Wizyta u psychologa na NFZ. Pacjenci muszą czekać latami
Martyna* miała 23 lata, kiedy uświadomiła sobie, że choruje na bulimię. Jak się później okazało, wszystko zaczęło się w 14 roku życia. Objadanie się i wymioty. Przez lata, nie zdając sobie z tego sprawy, wyniszczała swój organizm. - Przez schemat, w który wpadłam i któremu się poddałam, miałam stany depresyjne. Pojawiały się też myśli samobójcze i objawy nerwicowe - opowiada w rozmowie z Wirtualną Polską. O samookaleczeniach, które też się zdarzały, Martyna woli nie mówić.
02.09.2016 | aktual.: 25.05.2018 15:11
Cały dzień nie wstawała z łóżka, a jeśli już jej się udało - działała jak robot. - Studia - dom, dom - studia - i tak w kółko. Ciągle płakałam. Miałam wrażenie, że jestem na granicy życia i śmierci - wspomina. Do wizyty u psychologa dojrzała sama. - To miał być przełom. Studiowałam, nie miałam wtedy pieniędzy, więc zadzwoniłam do przychodni NFZ. Zamiast przełomu był wyrok - mówi Martyna. 2 lata - tyle musiała czekać na pierwszą wizytę.
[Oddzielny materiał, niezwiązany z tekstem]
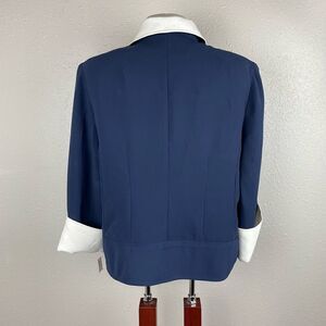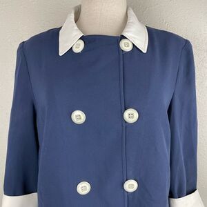 Stylish slightly cropped dress jacket by Larry Levine featuring a double breasted design. It measures 21 inches armpit to armpit laying flat and 21 inches in length from shoulder to hem.

Tak jest w małych miastach. W większych miejscowościach możliwości są szersze. W warszawskich, krakowskich czy gdańskich przychodniach czas oczekiwania skraca się do 3-4 miesięcy. Z danych pochodzących od placówek medycznych przekazywanych do NFZ wynika, że aktualnie świadczeń w ramach umów udziela 7187 psychologów. - Należy jednak zastrzec, że liczba osób posiadających wykształcenie psychologiczne udzielających świadczeń jest wyższa, ponieważ psychologowie są również wykazywani wśród osób, sprawozdawanych do NFZ jako: psychoterapeuci, specjaliści psychoterapii uzależnień oraz specjaliści terapii uzależnień, zależnie od zdobytych po ukończeniu studiów psychologicznych dodatkowych kwalifikacji zawodowych - mówi Wirtualnej Polsce Beata Pieniążek-Osińska z biura prasowego NFZ.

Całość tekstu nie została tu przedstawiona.